Le dossier sur le parcours de santé insiste sur « le champ de compétences de l’enseignant qui lui permet de déceler des difficultés d’apprentissage » et sur les professionnels de la petite enfance qui « peuvent repérer très tôt des premières difficultés (troubles du développement, du comportement). Des dépistages sont effectués par le médecin traitant ou l’équipe de PMI ».
Tout en reconnaissant que « les 47% qui ont passé la visite avant 6 ans ne sont pas forcément lesplus pauvres » et que « ce sont les plus défavorisés » qui en ont leplus besoin, les deux ministre sont visiblement abandonné l’objectif d’attirer et recruter des médecins scolaires au profit d’un vague parcours. Un rapport réalisé par une députée, Stéphanie Rist et une directrice de PMI, Marie Sophie Barthet, devrait faire des propositions en ce sens en mars 2019.
Quelles solutions ?
L’appel aux professionnels de la PMI, aux médecins libéraux et maintenant aux enseignants, infirmiers, spécialiste de la petite enfance peut-elle remplacer la visite médicale scolaire ? Sur les territoires les plus défavorisés, le taux d’encadrement des médecins libéraux est déjà très faible et celui de la PMI insuffisant. Ainsi , dans le 93, le bilan à 4 ans, assuré en principe par la PMI, n’est plus assuré.
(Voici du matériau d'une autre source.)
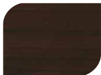
สีม่วงแอมมริสท์ #7912 Amethyst Violet

Le risque d’un accompagnement à deux vitesses, avec d’un coté des enfants bien suivis et de l’autre les enfants défavorisés sans accompagnement médical est déjà installé.
Les deux ministres ont annoncé la création d’un fichier nuémrique de santé où tous les acteurs pourront inscrire leurs repérages. Il est clair qu’on va faire courir aux enfants le risque de repérages erronés inscrits par des non spécialistes mais qui vont suivre les enfants tout au long de leur enfance. Au final, s’agissant de compétences médicales, personne ne pourra remplacer le médecin scolaire. Et la seule clé est bien là.
Comment en est-on arrivé là ? Les médecins scolaires sont les moins bien payés des médecins de la fonction publique. Le recrutement est donc très insuffisant. Ce sont aussi les plus seuls. Ils n’ont autour d’eux aucun personnel de santé pour les aider. Sans action sur ces deux points on voit mal comment la situation pourrait s’améliorer.